Producer prices for finished goods increased less than expected in January, increasing 0.1 percent, reversing the 0.1 percent decline posted in December.

Most economists had predicted a larger increase in the PPI, forecasting a 0.4 percent rebound in prices. Outside of the volatile food and energy sectors, the "core" producer price index edged up 0.4 percent in January, more than the 0.2 percent increase predicted by most economists.

The results of the New York Federal Reserve's empire state manufacturing survey, which elicits response from 200 manufacturing executives in New York state, is slated to be released at 8:30 am ET. The headline general business conditions index for March is expected to come in at 17.50.

Manufacturing conditions in the region continued to improve in February. The headline business conditions index rose to 19.5 from 13.5 in January. However, the new orders index fell by 4 points compared to a 1.5-point drop by the order backlogs index. The employment index also dipped slightly. Meanwhile, the 6-month outlook index declined 4.5 points.

The Labor Department is due to release its customary jobless claims report for the week ended March 10th at 8:30 am ET. Economists expect claims to decline to 355,000 in the recent reporting week.

DOL figures put the level of new jobless claims at a seasonally adjusted level of 362,000 for the week ending March 3, an increase of 8,000 from the previous week's revised figure of 354,000.

Additionally, the previous week's claims levels were revised up from the 351,000 initially reported. While most economists had predicted that new claims would hold level at the 351,000 level initially reported for the previous week, the figure still remains comfortably below the 400,000 level that most economists believe is the threshold for lowering the overall unemployment rate.

The Treasury Department is due to release a report on the flows of financial instruments into and out of the U.S. for January at 9 am ET.

The results of the Philadelphia Federal Reserve's manufacturing survey are due out at 10 am ET. Economists expect the diffusion index of current activity to show a reading of 11.5 for March.

The Philadelphia Fed's manufacturing index rose to 10.2 in February from 9 in January. The internal details were, however, mixed. The new orders index rose about points and the order backlogs index climbed 6 points. The employment indexes were mixed, with the number of employees index dropping 10.5 points to 1, while the average workweek index rose to 5.1 points to 10.1. The 6-month outlook index declined to a 4-month low of 33.3.


The consumer price index for February is scheduled to be released at 8:30 am ET. The index is a measure of the average change over time in the prices paid by urban consumers for a market basket of consumer goods and services. Economists expect the headline index to have increased 0.5 percent compared to a 0.2 percent increase in core inflation.

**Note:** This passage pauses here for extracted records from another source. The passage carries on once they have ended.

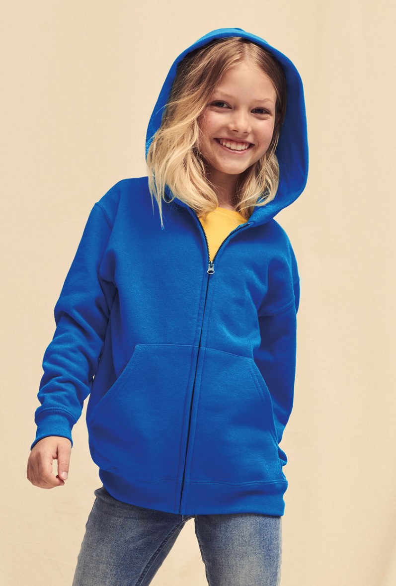Fruit of the Loom - SC62045 (F401NK) - Kids Classic Hooded Sweat Jacket * 280 g/m² - 80% katoen / 20% polyester. Toon op toon nektape in jersey. 'Kangaroe' zak. Gevoerde capuchon zonder aanrijgkoord conform de EU-regelgeving voor kinderen. Volledige ritssluiting. Mouwuiteinden en onderkant in rib katoen / Lycra®.
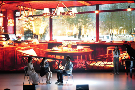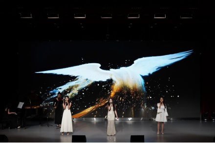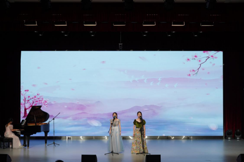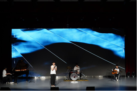 接下来的曲目包括古筝独奏《权御天下》、女声对唱《慢冷》、男女对唱《云与海》、小组唱《有形的翅膀》、小组唱《逆光》、音乐情景剧《生活中的bgm》等演出曲目展现出了学生们的音乐才能和音乐表现力。其中,曾培凯、金玉茹同学的男女对唱《云与海》字里行间的唯美忧伤将观众们带入了一场关于情感与希望的浪漫旅程;女声对唱《慢冷》和小组唱《逆光》更是触动了人心,这两首歌曲通过动人的旋律和情感真挚的演绎,深刻诠释了感情中的坚守与温暖,引起了现场观众的共鸣。
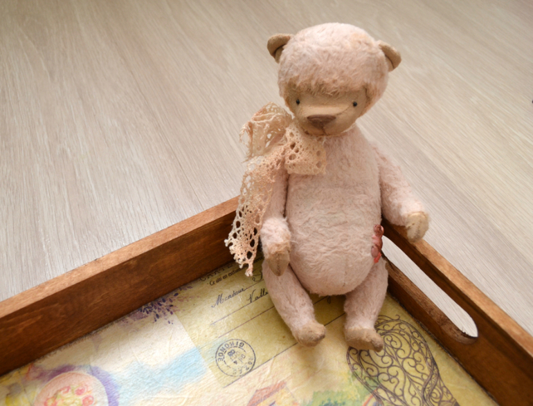 ...мы с этим медведем пардон, истинным французом, носились как с писаной торбой - и потрогать хочется, повертеть, рассмотреть и какой то нежный трепет, как будто прикоснулись к чему то таинственному, неизведанному, к истории игрушки...в общем, поразились таланту Инессы все! Поселился наш француз на полке, встал как родной )))) значит точно он дома!)))
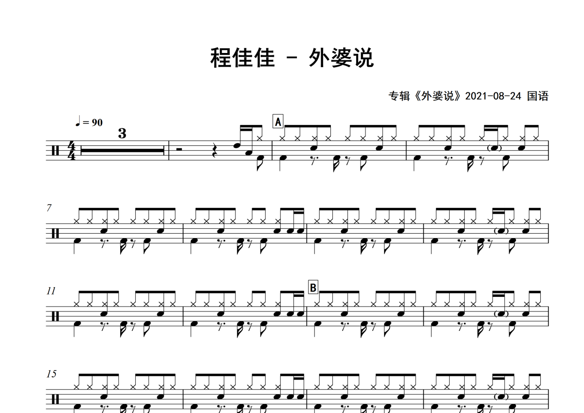 《外婆说》是程佳佳演唱的一首歌曲,专辑版,拍号为4/4拍,歌曲速度为每分钟90拍,这份架子鼓谱共有两张高清图谱,图谱由 @举个例子 编配上传,图谱使用五线谱编配,使用这份外婆说架子鼓谱,你将能够轻松地敲打出这首程佳佳的外婆说,快来尝试吧。
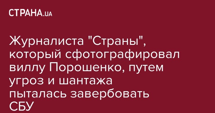 Журналиста "Страны", который сфотографировал виллу Порошенко, путем угроз и шантажа пыталась завербовать СБУ
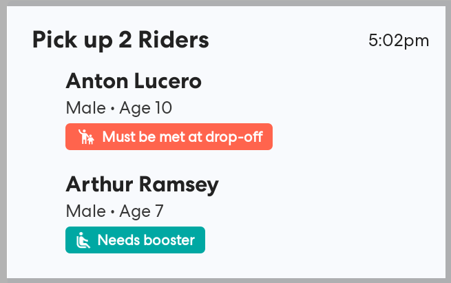 Rider Notes and Location instructions are a vital part of smooth, safe pickups and drop-offs. With this release we've made them more prominent at each stage of the process, including highlighting important safety information with the Must Be Met at Drop-Off tag and Booster Seat tag in more eye-catching colors.
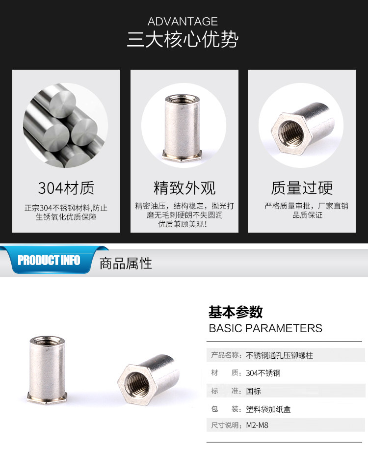 M4 304 Давление на полюсе из нержавеющей стали. Заклепывающее гвоздь/давление на шаг
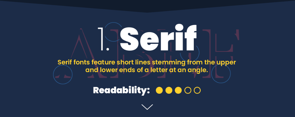 Serif fonts feature short lines stemming from the upper and lower ends of letters at an angle. Readability of Serif fonts varies, but overall, the readability is mediocre.
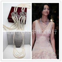 手工珍珠飾品定制 925銀微鑲鋯石玫瑰花多層毛衣鏈 湯唯款650.00此模板由【超級快車】提供
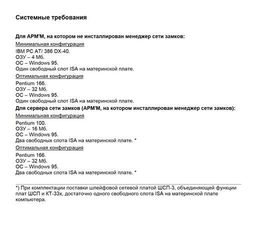 . Система управления доступом Менуэт 2000 предполагает наличие постоянно функционирующей сети рабочих станций, в составе которой АРМ-ы'М имеют возможность реализовывать свои управляющие и контролирующие функции. Данный сетевой вариант функционирования СУД наиболее полно реализует все возможности системы, заложенные в нее при разработке. Локальный вариант функционирования СУД может иметь место в случае размещения сервера баз данных и сервера сети замков на одном компьютере (АРМ'М службы охраны). Выполнение управляющих и контролирующих функций при этом возможно лишь с этого одного компьютера. Поскольку матрицы доступа и расписания проходов для каждой двери, оснащенной контроллером Менуэт, хранятся помимо базы данных объекта контроля еще и в памяти этого контроллера, то система работоспособна и в отсутствие всяких управляющих компьютеров. Этот автономный вариант функционирования СУД устойчив даже к длительным перерывам в энергопитании, поскольку информация в контроллерах хранится в энергонезависимой памяти (включая и динамическую шкалу реального времени). При последующем включении питания никаких восстановительных мероприятий проводить не требуется и система управления доступам Менуэт 2000 продолжает функционировать в сетевом или локальном вариантах.
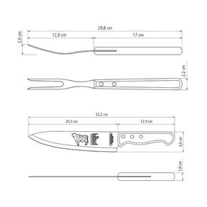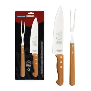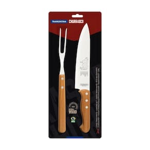 Jogo Trinchante Churrasco Tramontina Aço Inox e Cabos De Madeira Natural 2 Peças
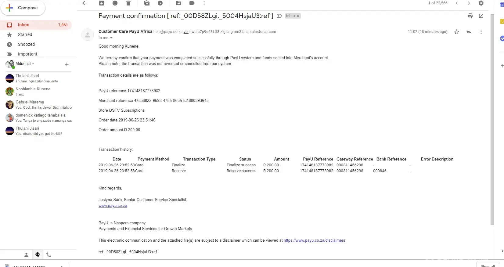 On the 6th of September my dstv was disconnected because your payment systems decided to reverse an amount of R200 which according to one of your consultant "reversed to PAYU so i must contact them". I did and they said no nothing was reversed from their side and they even gave me proof, I then sent it back to your consultant but they did nothing. I phoned again and they still requested the same info and I also attach my bank statement as proof that no R200 landed on my account but still no help. Its been two weeks now without any help and im stuck with a disconnected dstv. Basically ive paid for nothing. Its frustrating and annoying. Can you guys fix this.
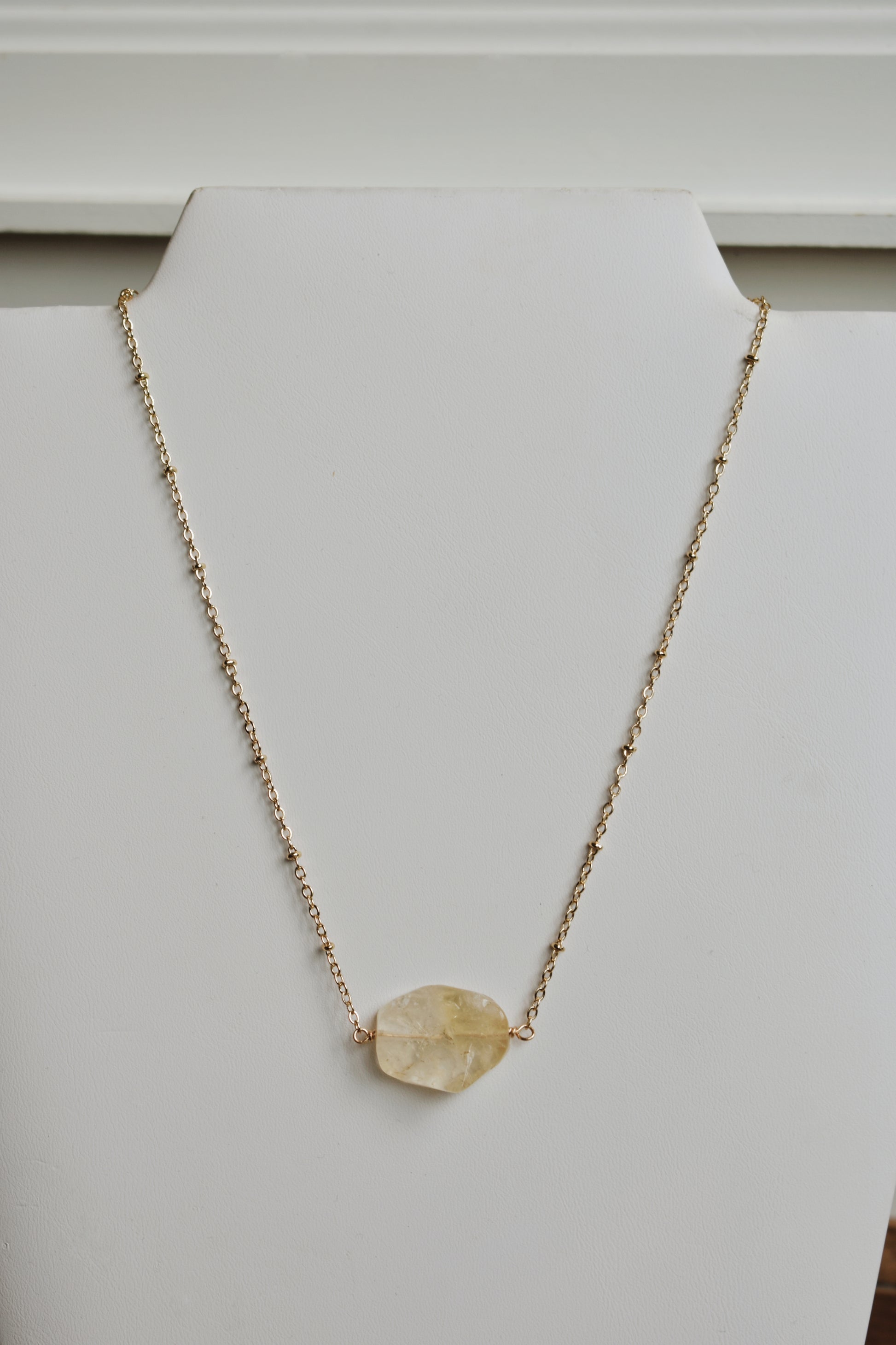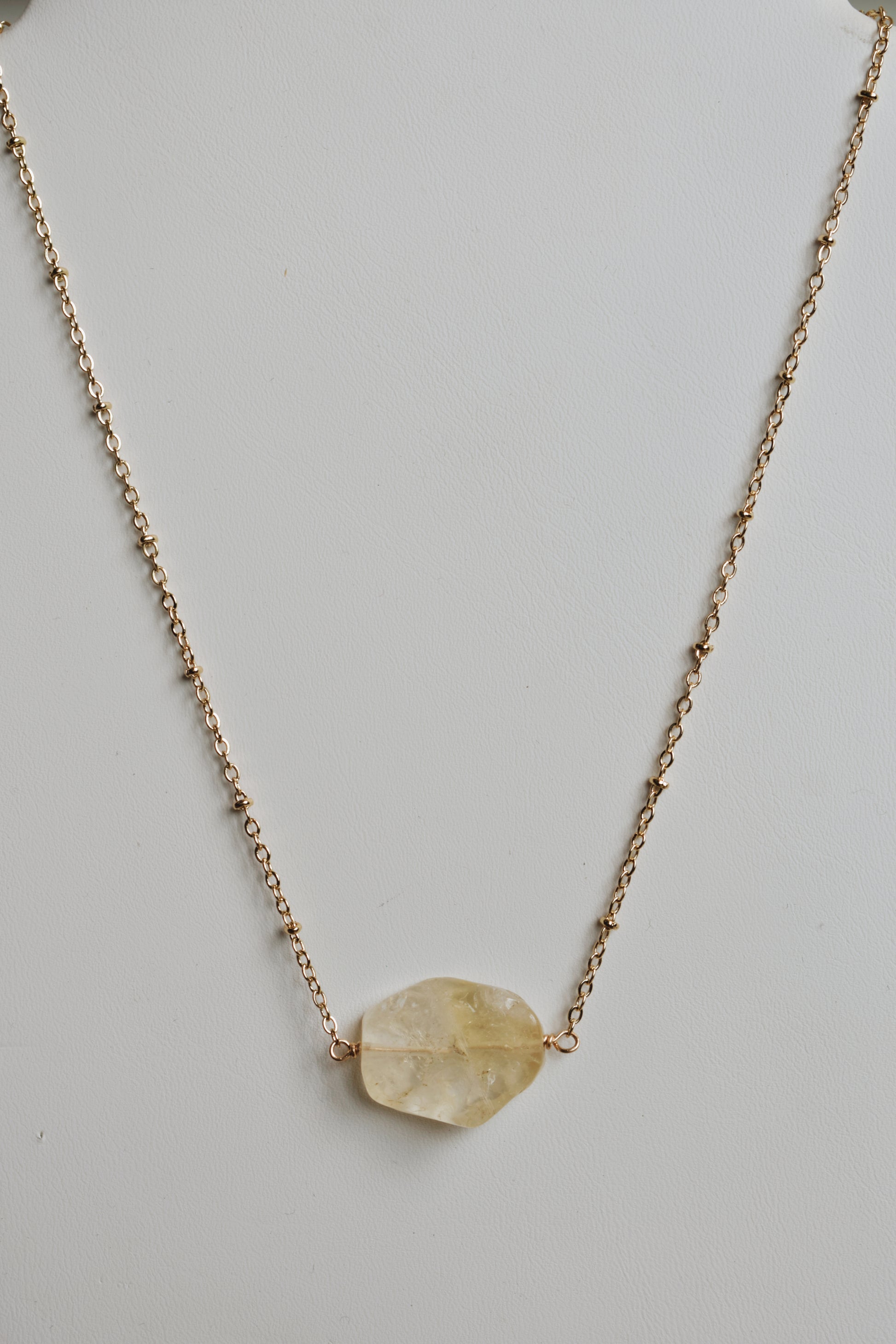 A tumbled citrine chunk pendant wired to dainty gold plated satellite chain. Experience the healing power of citrine with our stunning tumbled chunk pendant. Each piece is specially selected and wired to a dainty gold plated satellite chain, providing you with a stylish and versatile piece of jewelry that will also enhance your overall well-being. Citrine is known for its ability to promote abundance, prosperity, and success, making this necklace a must-have for those seeking to invite more positivity into their lives. Add it to your collection and see the benefits for yourself.

In January, the Consumer Price Index increased by 0.2 percent in January, following a 0 percent change in December. Most economists had forecast a slightly higher, 0.3 percent, increase for January.

The price increases were broadly spread across the economy, with "core" prices - excluding the volatile food and energy sectors, also rising 0.2 percent in January. Similarly the price indexes for both food and energy increased 0.2 percent. The market consensus correctly forecast the 0.2 percent in core price increases.

The Federal Reserve's industrial production report is due out at 9:15 am ET. Economists estimate 0.5 percent growth in industrial production for February.

Industrial output remained unchanged in January. The softness of the headline number reflected a 2.5 percent decline in utilities output. Mining output also fell 1.8 percent. Manufacturing output was up 0.7 percent, helped by 6.8 percent jump in motor vehicle output. Capacity utilization remained almost flat at 78.5 percent.

The preliminary report of the Reuters/University of Michigan's consumer sentiment survey for March is scheduled to be released at 9.55 am ET. The consumer sentiment index is expected to edge down to 75.3 from February's 76.